Ein Unimog wurde bereits vor einiger Zeit ebenfalls durch einen Trecker ersetzt. Ein Anhänger mit Kran und ein Heckcontainer werden als Zusatz für das neue Fahrzeug in den nächsten Wochen geliefert. Eingesetzt werden soll der Schlepper zum Beispiel für den Winterdienst, Grünarbeiten oder, um Bachläufe frei zu räumen. „Im Prinzip für alles, wofür der Lastwagen auch eingesetzt wurde“, sagte Thomas Deitmerg, Vorarbeiter des Bauhofs. Der Vorteil an dem Trecker sei, dass dieser flexibler einzusetzen sei.

Während beim Lkw die Ladefläche immer dabei ist, würden beim Trecker nur die Zusatzteile mitgenommen, die man für die bestimmten Einsätze auch wirklich brauche. Dies habe auch den Vorteil, dass während des Winterdienstes nicht alle Teile vom Salz angegriffen würden. Ebenfalls mache es sich im Winter bezahlt, dass die Sicht aus dem Trecker besser ist, als beim Lkw, da man nun in der Mitte sitzt und um sich herum nur Glas hat. „Ich konnte die rechte Seite vom Pflug im Dunkeln nie sehen. Jetzt schon“, erklärte Stefan Bruns, Mitarbeiter des Bauhofs.

Er wird in Zukunft der Hauptfahrer des neuen Treckers sein. „Da unser Fuhrpark überschaubar ist, ist es umso wichtiger, dass wir verlässliche Fahrzeuge haben“, sagt Uwe Schmalenbach. Ein Vorteil sei sicherlich auch, dass sich die Mitarbeiter des Bauhofs mit den variabel einsetzbaren Trecker gut auskennen, da sie nun zwei gleiche Fahrzeuge haben. 
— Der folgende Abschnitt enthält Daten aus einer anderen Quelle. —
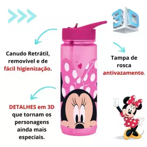 Leve, prática e cheia de charme! A garrafa infantil com estampa da Minnie é ideal para o dia a dia das crianças, seja na escola, no passeio ou em casa. Com tampa flip e canudo retrátil, ela é fácil de usar e evita vazamentos. Capacidade de 650 ml, perfeita para manter os pequenos hidratados com estilo.

Bezüglich der Kosten habe sich die Anschaffung ebenfalls gelohnt. „Wir haben für die Neuanschaffung 200 000 vorgesehen und der Trecker kostete nur 115 000 Euro“, berichtete Uwe Schmalenbach. Trotz der Zusatzteile habe man damit deutlich gespart und dies gelte auch für die Unterhaltung durch geringere Wartungsintervale und weniger Sprit, den man für das Fahrzeug benötige. 

Der Schlepper hat 133 PS und eine Höchstgeschwindigkeit von 40 km/h. Besonders angenehm ist für die Bauhofmitarbeiter, dass das Fahrzeug mit einem Gesamtgewicht von 8,5 Tonnen ein stufenloses Getriebe hat. „Wenn man für Grünarbeiten zum Beipspiel nur fünf km/h fährt, ist das sehr praktisch, dass man nicht schalten muss“, erklärte Thomas Deitmerg. 

Wer jetzt neugierig geworden ist und sich den neuen Trecker und die anderen Fahrzeuge des Bauhofs einmal anschauen möchte, ist herzlich zum Tag der offenen Tür am Samstag, 14. Oktober, eingeladen.